> [DATASET EXTRACT]

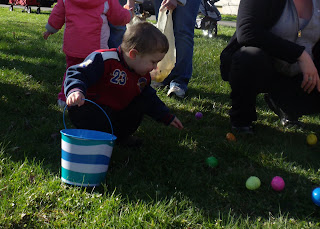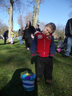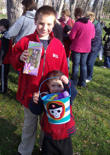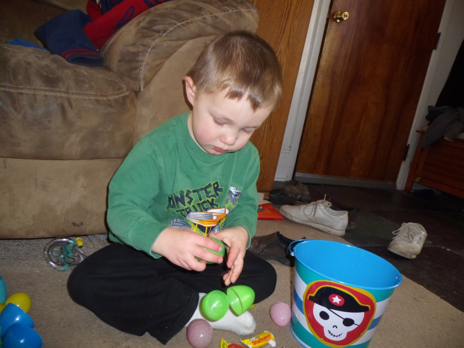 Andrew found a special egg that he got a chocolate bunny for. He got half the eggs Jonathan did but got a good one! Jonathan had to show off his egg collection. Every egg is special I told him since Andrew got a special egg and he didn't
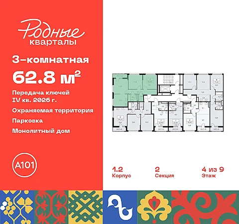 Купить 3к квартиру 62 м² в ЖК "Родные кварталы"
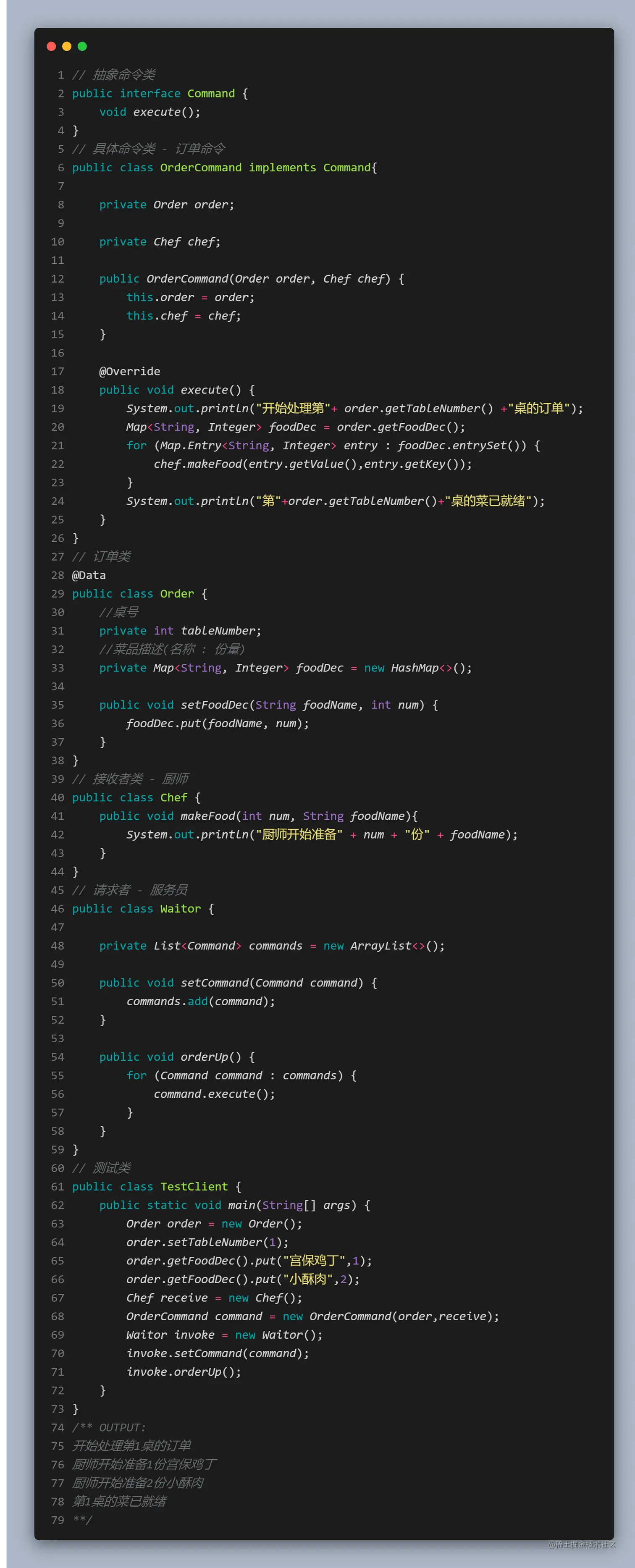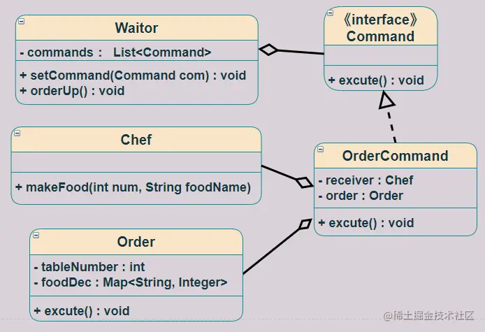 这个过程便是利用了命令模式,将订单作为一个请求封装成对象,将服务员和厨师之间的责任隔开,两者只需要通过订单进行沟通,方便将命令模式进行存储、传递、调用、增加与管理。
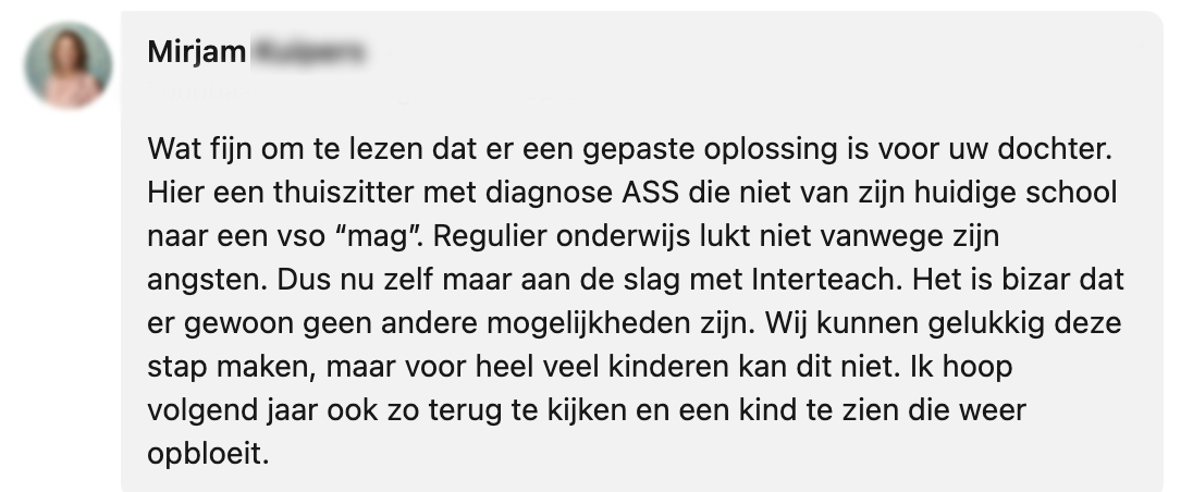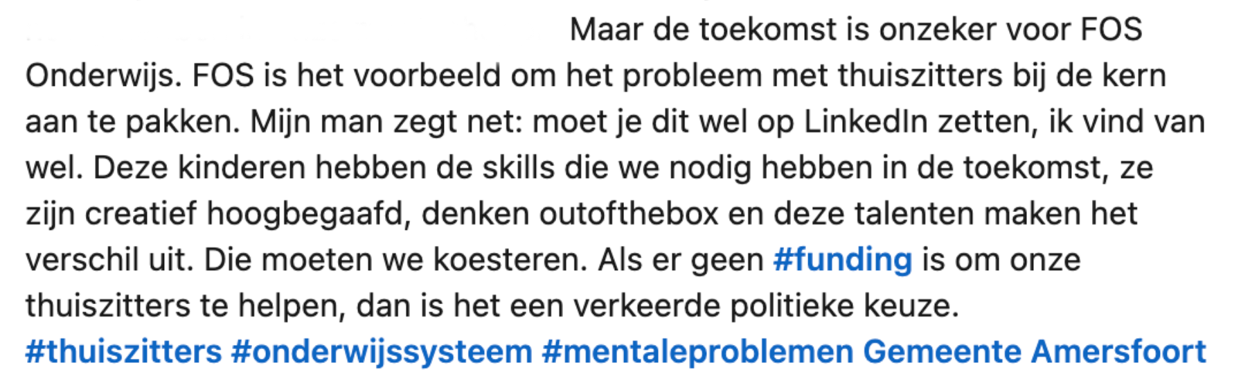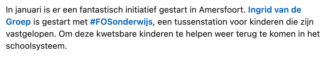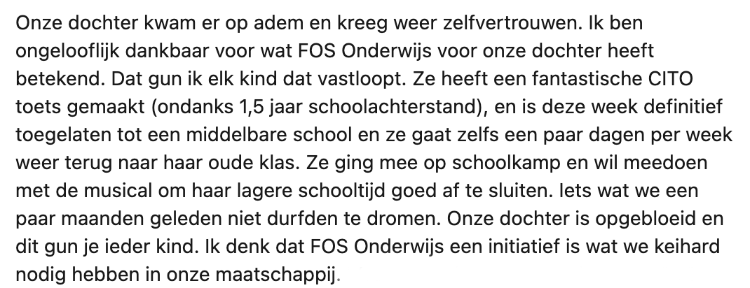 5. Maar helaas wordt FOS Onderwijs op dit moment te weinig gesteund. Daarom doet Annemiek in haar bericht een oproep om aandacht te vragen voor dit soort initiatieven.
...
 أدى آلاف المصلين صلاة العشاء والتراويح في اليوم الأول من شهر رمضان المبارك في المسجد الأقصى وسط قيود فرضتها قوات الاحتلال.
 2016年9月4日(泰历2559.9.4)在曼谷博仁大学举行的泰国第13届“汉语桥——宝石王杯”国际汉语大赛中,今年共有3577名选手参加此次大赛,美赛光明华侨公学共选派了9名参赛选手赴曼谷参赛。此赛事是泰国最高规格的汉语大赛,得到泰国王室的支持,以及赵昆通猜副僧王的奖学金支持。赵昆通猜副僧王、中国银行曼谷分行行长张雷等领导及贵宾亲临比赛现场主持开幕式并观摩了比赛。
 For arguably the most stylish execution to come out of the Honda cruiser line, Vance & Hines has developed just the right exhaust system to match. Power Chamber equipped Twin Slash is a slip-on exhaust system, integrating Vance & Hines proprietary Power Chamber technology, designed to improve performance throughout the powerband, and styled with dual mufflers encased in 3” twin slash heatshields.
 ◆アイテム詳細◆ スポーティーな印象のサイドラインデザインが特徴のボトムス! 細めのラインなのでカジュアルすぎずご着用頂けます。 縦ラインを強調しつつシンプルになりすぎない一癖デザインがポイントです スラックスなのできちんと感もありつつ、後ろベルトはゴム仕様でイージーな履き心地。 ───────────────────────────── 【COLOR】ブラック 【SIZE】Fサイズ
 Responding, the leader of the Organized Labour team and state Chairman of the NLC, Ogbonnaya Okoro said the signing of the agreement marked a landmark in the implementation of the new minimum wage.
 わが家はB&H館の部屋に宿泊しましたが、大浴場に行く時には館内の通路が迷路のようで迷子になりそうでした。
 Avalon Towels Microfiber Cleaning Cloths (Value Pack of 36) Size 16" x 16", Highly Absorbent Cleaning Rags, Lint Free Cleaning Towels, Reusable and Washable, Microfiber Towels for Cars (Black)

> [REQUIRED WORK] Would you retype exactly the lines above, from the line with "わが家はB&H館の部屋に宿泊" to the line with "Avalon Towels Microfiber", with both end lines kept and nothing more?

> [TASK SOLUTION]
 わが家はB&H館の部屋に宿泊しましたが、大浴場に行く時には館内の通路が迷路のようで迷子になりそうでした。
 Avalon Towels Microfiber Cleaning Cloths (Value Pack of 36) Size 16" x 16", Highly Absorbent Cleaning Rags, Lint Free Cleaning Towels, Reusable and Washable, Microfiber Towels for Cars (Black)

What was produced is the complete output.